» TASK DIRECTIONS
From the line containing "出席本次塑膠操場啟用儀式的領" down to the last line of the entries, print each line exactly and leave the pictures out.

» SOURCE INFORMATION
* * * * * * * * *

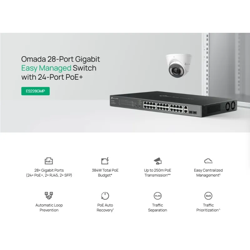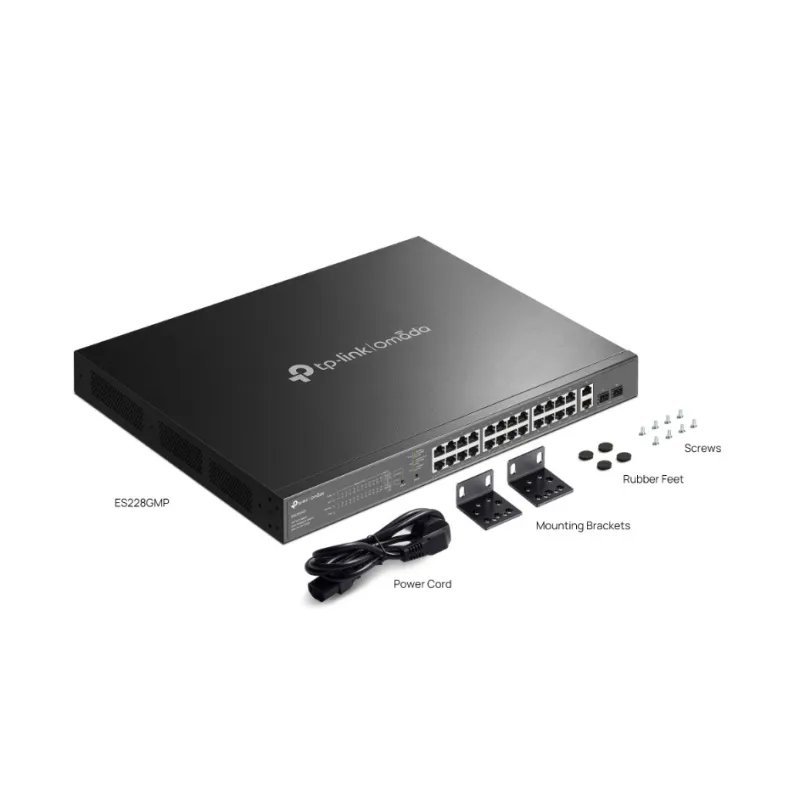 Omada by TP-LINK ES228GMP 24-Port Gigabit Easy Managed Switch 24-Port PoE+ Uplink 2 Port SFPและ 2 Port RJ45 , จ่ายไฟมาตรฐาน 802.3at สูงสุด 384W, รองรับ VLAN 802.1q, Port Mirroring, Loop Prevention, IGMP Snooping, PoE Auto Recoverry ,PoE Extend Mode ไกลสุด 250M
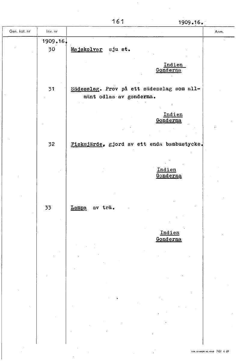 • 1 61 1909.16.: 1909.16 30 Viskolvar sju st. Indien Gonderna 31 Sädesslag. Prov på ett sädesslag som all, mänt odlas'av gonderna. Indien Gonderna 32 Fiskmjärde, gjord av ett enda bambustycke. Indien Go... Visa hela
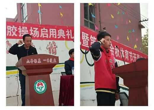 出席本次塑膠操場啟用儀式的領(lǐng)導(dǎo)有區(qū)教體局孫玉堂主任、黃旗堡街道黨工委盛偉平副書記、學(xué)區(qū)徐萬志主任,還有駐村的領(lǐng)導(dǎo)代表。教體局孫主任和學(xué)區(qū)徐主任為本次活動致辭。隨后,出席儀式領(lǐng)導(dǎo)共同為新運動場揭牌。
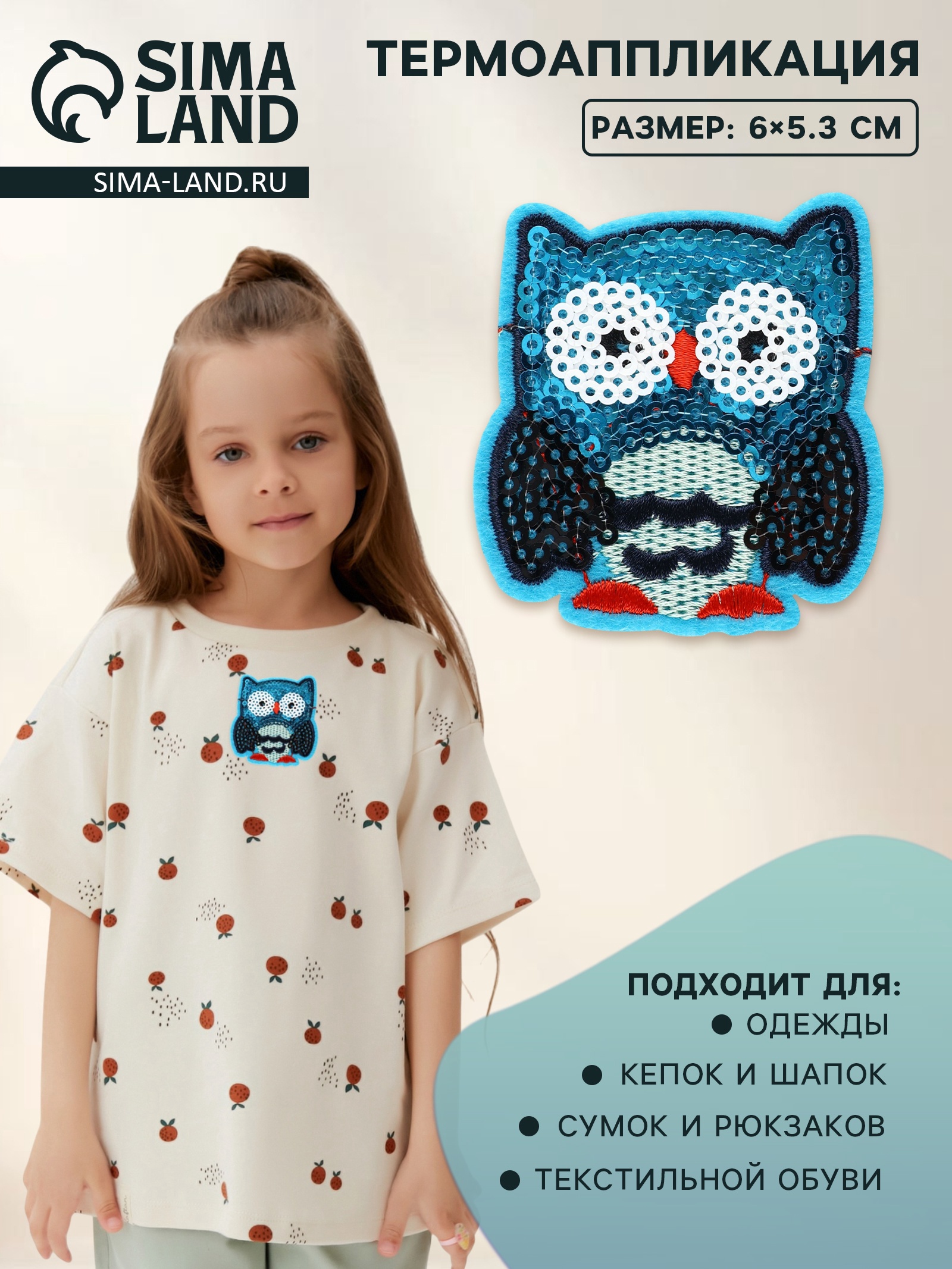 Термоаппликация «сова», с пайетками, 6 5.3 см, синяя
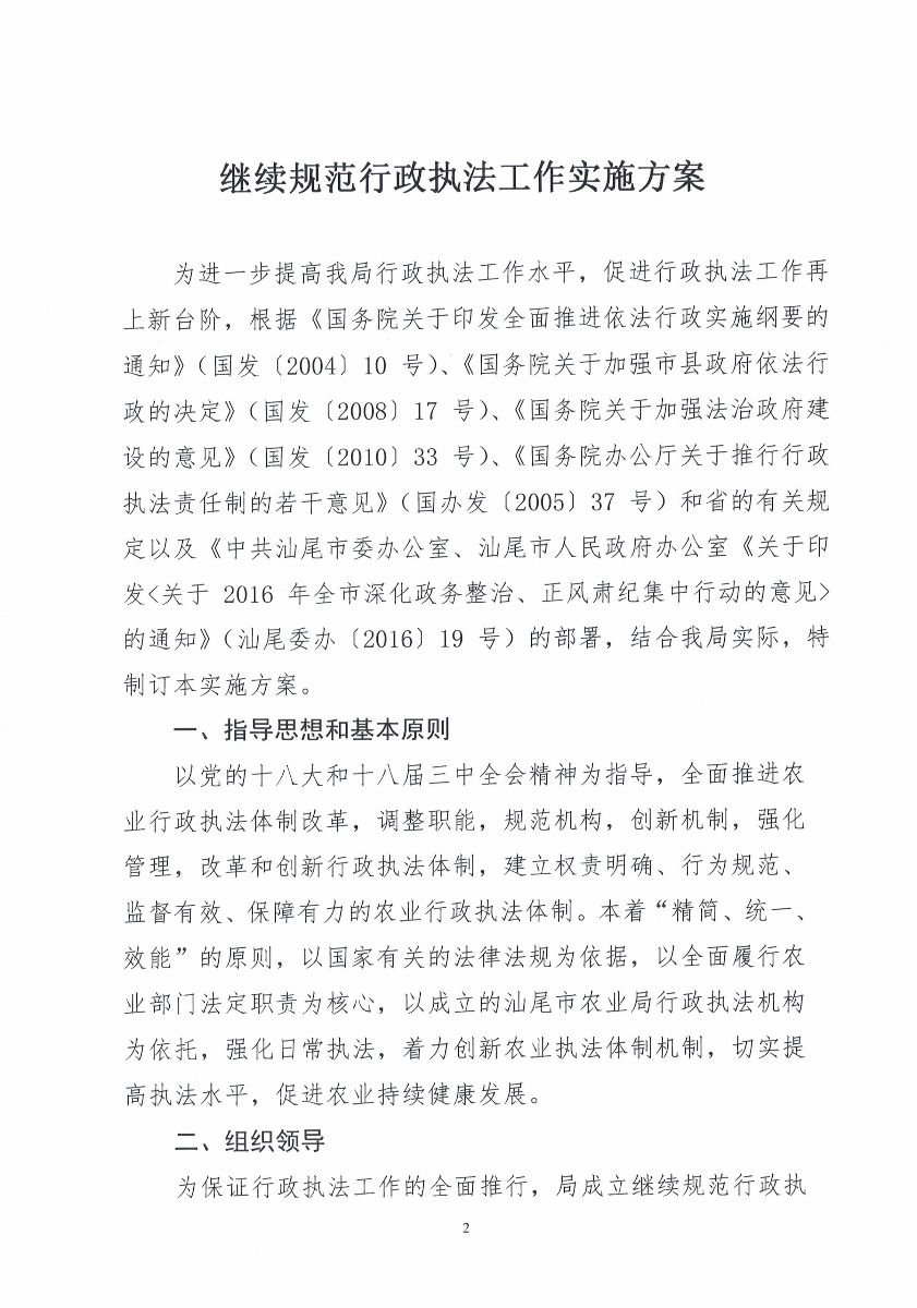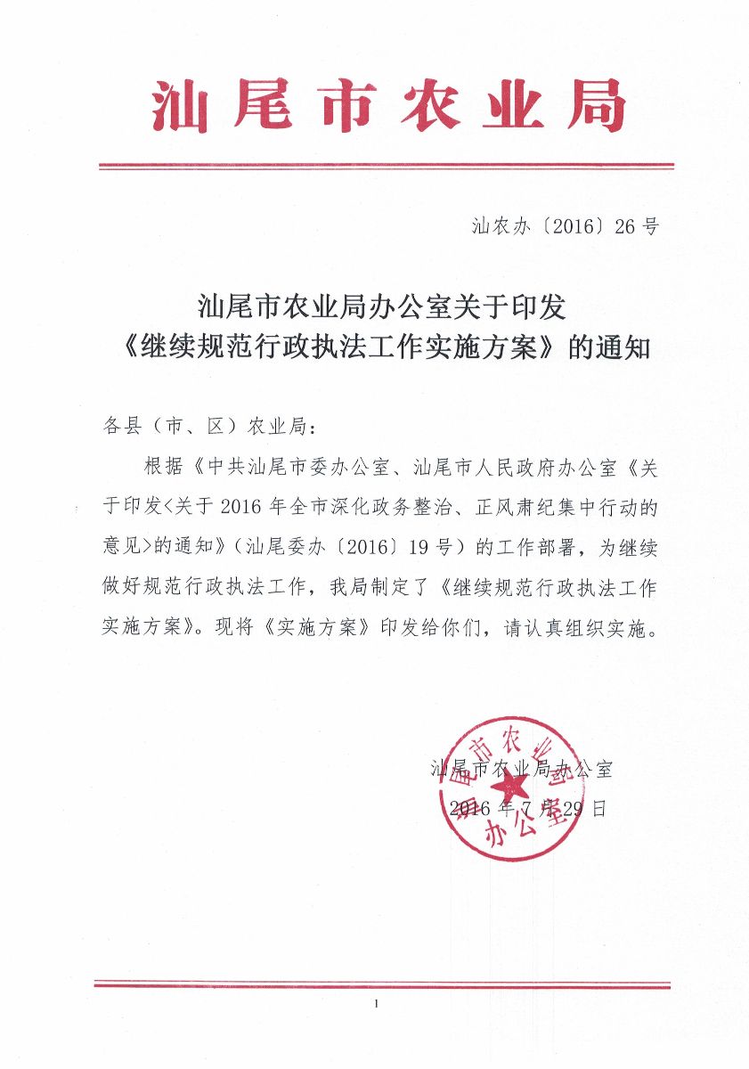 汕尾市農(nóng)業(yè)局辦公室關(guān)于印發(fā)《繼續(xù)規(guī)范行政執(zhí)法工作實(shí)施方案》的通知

* * * * * * * * *

» RESULT FOR THIS TASK
 出席本次塑膠操場啟用儀式的領(lǐng)導(dǎo)有區(qū)教體局孫玉堂主任、黃旗堡街道黨工委盛偉平副書記、學(xué)區(qū)徐萬志主任,還有駐村的領(lǐng)導(dǎo)代表。教體局孫主任和學(xué)區(qū)徐主任為本次活動致辭。隨后,出席儀式領(lǐng)導(dǎo)共同為新運動場揭牌。
 Термоаппликация «сова», с пайетками, 6 5.3 см, синяя
 汕尾市農(nóng)業(yè)局辦公室關(guān)于印發(fā)《繼續(xù)規(guī)范行政執(zhí)法工作實(shí)施方案》的通知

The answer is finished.